Had they not been "caught" would they have ever changed the policy? What else have they not been "caught" doing yet? Shady company is shady...

I guess if you don't have anything to lose or protect, you don't care about security, privacy, integrity, etc...

 

[TechieSooner]

Because every individual and every company on earth does everything bad on purpose and makes no mistakes.

 

[keenan]

All it takes is a look at GoDaddy's marketing to realize they're a sleazy, unprofessional company. GoDaddy Girls? TV spots with hot girls implying there are videos of them kissing each other online? Videos with captions on their website like "5 things I wish I learned in BUSINESS SCHOOL. PLUS ... a smoking HOT blonde." and "TOO HOT FOR TV, INTERNET ONLY VERSION"

And that's not even mentioning the allegations leveled against them for squatting on domains users search for but don't register, or situations like this.

Why on Earth anyone would patronize this company is beyond me. They're incredibly unprofessional, regardless of whether there's intended malice or not (though personally I suspect they try to get away with as much as possible). And their service itself is nothing special.

 

[TechieSooner]

Usually, I'd agree. But honestly, their products (at least that I use) work darn well at a good price and that's really all that matters to me.

 

[boatasiaus]

A little thread resurrection here...

Before I purchase a cert for Exchange 2007, can someone confirm the appropraite UCC cert's alternate names:

Servername
Servername.mydomain.local
Servername.mydomain.com
autodiscover.mydomain.com
mydomain.com -> or should it be remote.mydomain.com

Do I need an

owa.mydomain.com or is this accomplished via the autodiscover

Thanks

 

[YeOldeStonecat]

Well it looks like I botched this one up on first attempt....
Generated a cert from ISS on an SBS03 box.....for the FQDN of the box, example..."sbs.myclient.org"
However, I want the cert to cover other aliases....such as "office.myclient.org" and "mymail.myclient.org", etc.
So when I plug https://sbs.myclient.org/remote into IE to get into RWW...it's nice 'n clean. If I plug in https://office.myclient.org/remote I still get the ugly IE cert warning. I need to get rid of that, I though a 5x domain cert from GoDaddy would allow some flexibility.

 

[TechieSooner]

A little thread resurrection here...

Before I purchase a cert for Exchange 2007, can someone confirm the appropraite UCC cert's alternate names:

Servername
Servername.mydomain.local
Servername.mydomain.com
autodiscover.mydomain.com
mydomain.com -> or should it be remote.mydomain.com

Do I need an

owa.mydomain.com or is this accomplished via the autodiscover

Thanks

What I use:
server.domain.local
server.domain.com
server2.domain.com
server3.domain.com (These last two are just additional aliases).
autodiscover.domain.com

That's it. The public website is hosted elsewhere so I don't need a domain.com entry.
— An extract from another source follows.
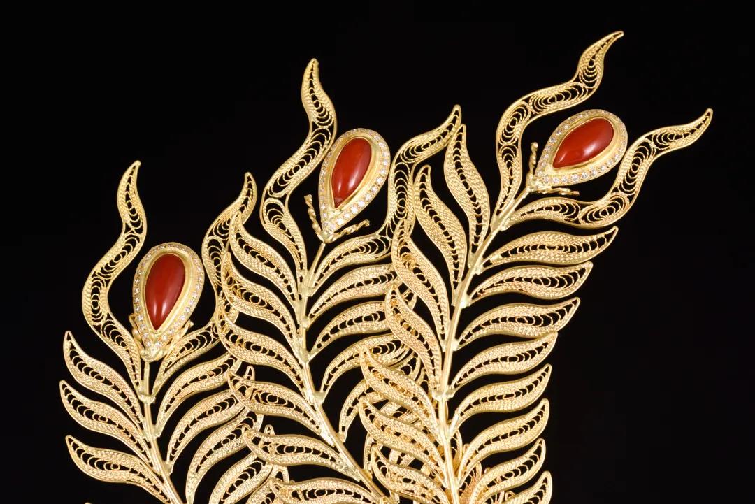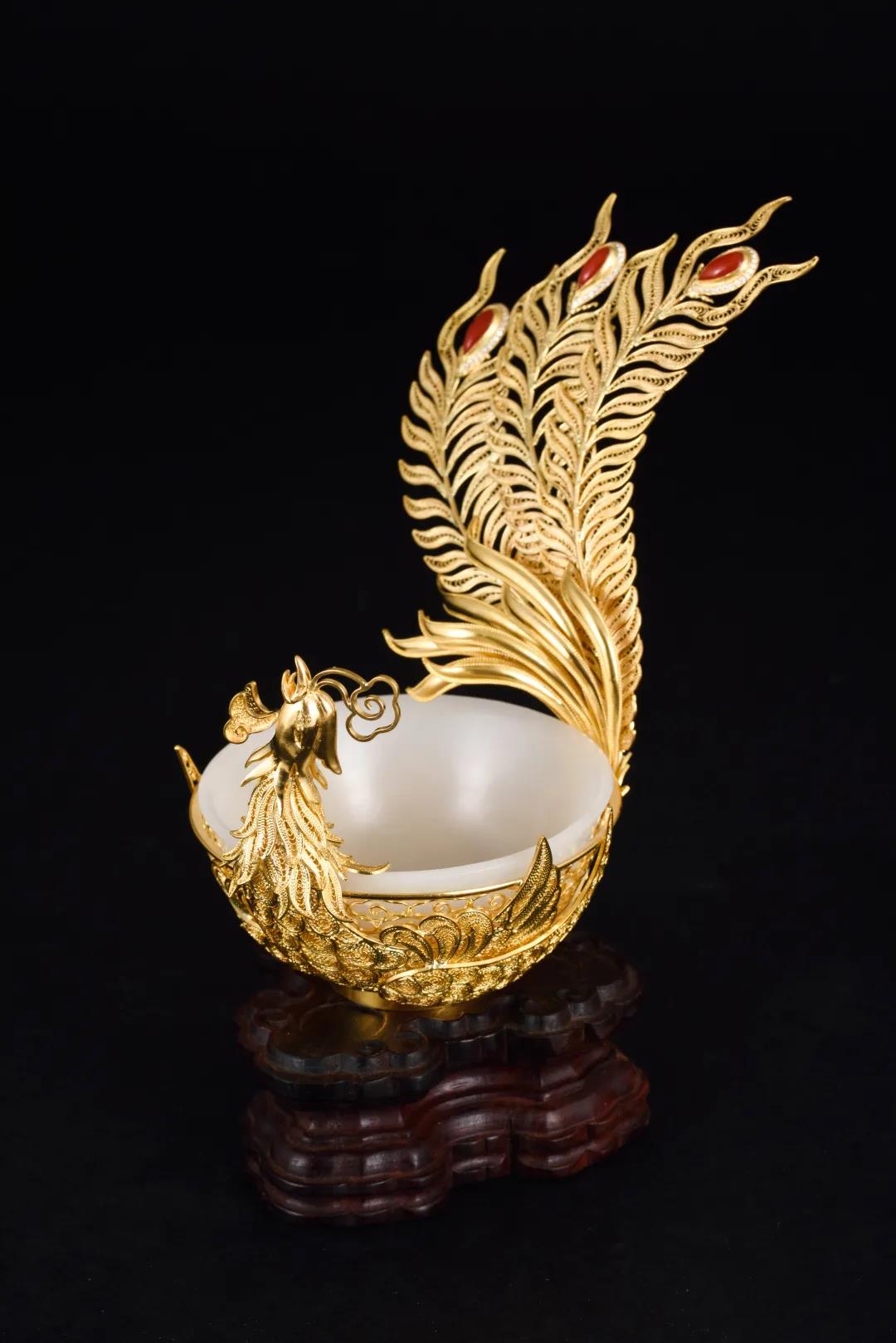 材质:22k金 和田玉 珊瑚 钻石 凤凰是华贵太平的象征,是人们心目中的瑞鸟,代表着幸福和吉祥,象征着美满和谐的爱情。在我国古代,凤凰还是权力的象征,一般出现在各种皇宫建筑使用器物之上。

Well it looks like I botched this one up on first attempt....
Generated a cert from ISS on an SBS03 box.....for the FQDN of the box, example..."sbs.myclient.org"
However, I want the cert to cover other aliases....such as "office.myclient.org" and "mymail.myclient.org", etc.
So when I plug https://sbs.myclient.org/remote into IE to get into RWW...it's nice 'n clean. If I plug in https://office.myclient.org/remote I still get the ugly IE cert warning. I need to get rid of that, I though a 5x domain cert from GoDaddy would allow some flexibility.

Just re-generate the request and re-do the cert. Make sure you add both the sbs.myclient.org, office.myclient.org into there though.

 

[YeOldeStonecat]

Just re-generate the request and re-do the cert. Make sure you add both the sbs.myclient.org, office.myclient.org into there though.

This is the part I'm brain farting on....
So when I'm on the server in IIS doing the generate request weeeeezard, instead of just plugging in the FQDN for the server...such as sbs.myclient.com, I type in several aliases? In the fashion of doing multiple e-mails...separated by a semi colon? Or separated by a comma, and space?